One-by-one, I talked myself out of each lift. I remember grabbing onto the bar and thinking, nope, no way in hell, not this time.  

As I walked up to the bar the final time, I already knew it was over. 

I’m not sure why I mentally sabotoged myself, in that moment.  I had suffered and fasted/dieted/saunaed for two weeks. I had passed out in the hallway one night from dehydration. I had sacrificed and trained for six years, five days a week for three hours a day (that’s something like 4,500 hours of my life). 

On that day, the reward was there for the taking. And I mentally blew it.  Why?

Well, I remember that I would have missed my high school graduation, and that was a big point of contention between me and my mom.  I remember that I would have missed finals, which would have caused issues with my teachers and the administration (but they always worked with me, so it was surmountable).  I would be away from my boyfriend for two weeks.  Oh wait.  The boyfriend who lived in Portland, while I lived in Savannah?  Yes, that was somehow still an excuse. I’m sure there were other reasons – all stupid.
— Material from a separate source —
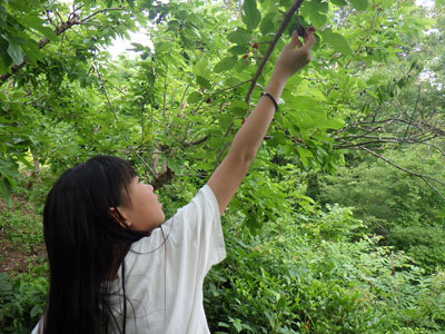 大量の桑の実もそのまま食べるのには限界があるので、今日は「ジャムにする~!」とゆいが頑張って集めています。

As I think about it, I would often blow competitions and workouts just because of my mental state.  One workout I was running a 103 fever.  I went in the gym anyway, and was so sick I did not think about anything but how awful my head felt.  The mental side of lifting was not in play.  I was mindlessly throwing the bar around.  And without even noticing, I broke a personal record that day.  I wasn’t thinking, and I succeeded. And it was easy.
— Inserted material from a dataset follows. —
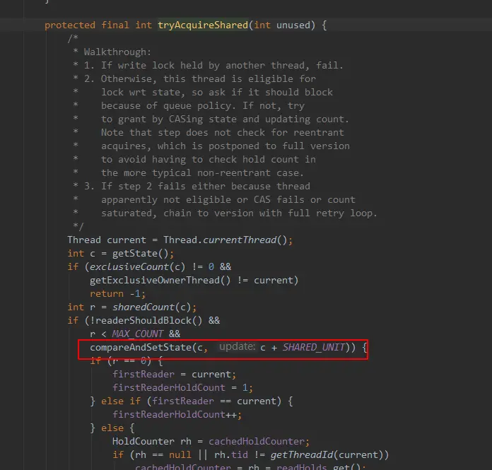 可以看到ReentrantReadWriteLock会先去获取锁的count,然后在小于MAX_COUNT锁数目的时候,再去用cas设置锁的状态,然后再去获取锁。

This whole adventure into triathlon is partly to rid myself of my own mental diminuitiveness.  I feel that I need redemption for my stupid failures in weightlifting.  I was such a mental dingbat when it came to parts of that sport, and I still resent myself for it.  Redemption time.

The reason I am bringing all this up:  the Duathlon for which I am registered in two weeks is starting to creep into my head a little.  Little twinges of self doubt like: well, I haven’t really done enough hill training on the G-Force bike, so maybe I should just sit out and not do this
maybe I’m just not ready for it
what if I fail?

Driving home from work today, I realized I was headed down the same stupid path of mental excuses as I used in weightlifting.  For me, the fear of failure has always been great.  To succeed, I must have a strong mind and an impenetrable focus. I will certainly fail if I believe that I will fail.  If I am strong, I cannot fail because I will have given everything I have to that moment, to that event. There is no failure when I can reach into the bottom of my bucket and know the whole darn thing is empty because I gave it all in that moment.

So there. That’s my motivation.  Empty my bucket.  If my bucket is empty at mile 8 instead of the end of the bike race at mile 12 or 16, so what.  So what if I fall down in the race or finish last.  Who cares?  Who really cares?  No one.  Therefore, the only person in the race is me, and this is a race against my mind. 

As long as my bucket is empty at the end of the day, then I win.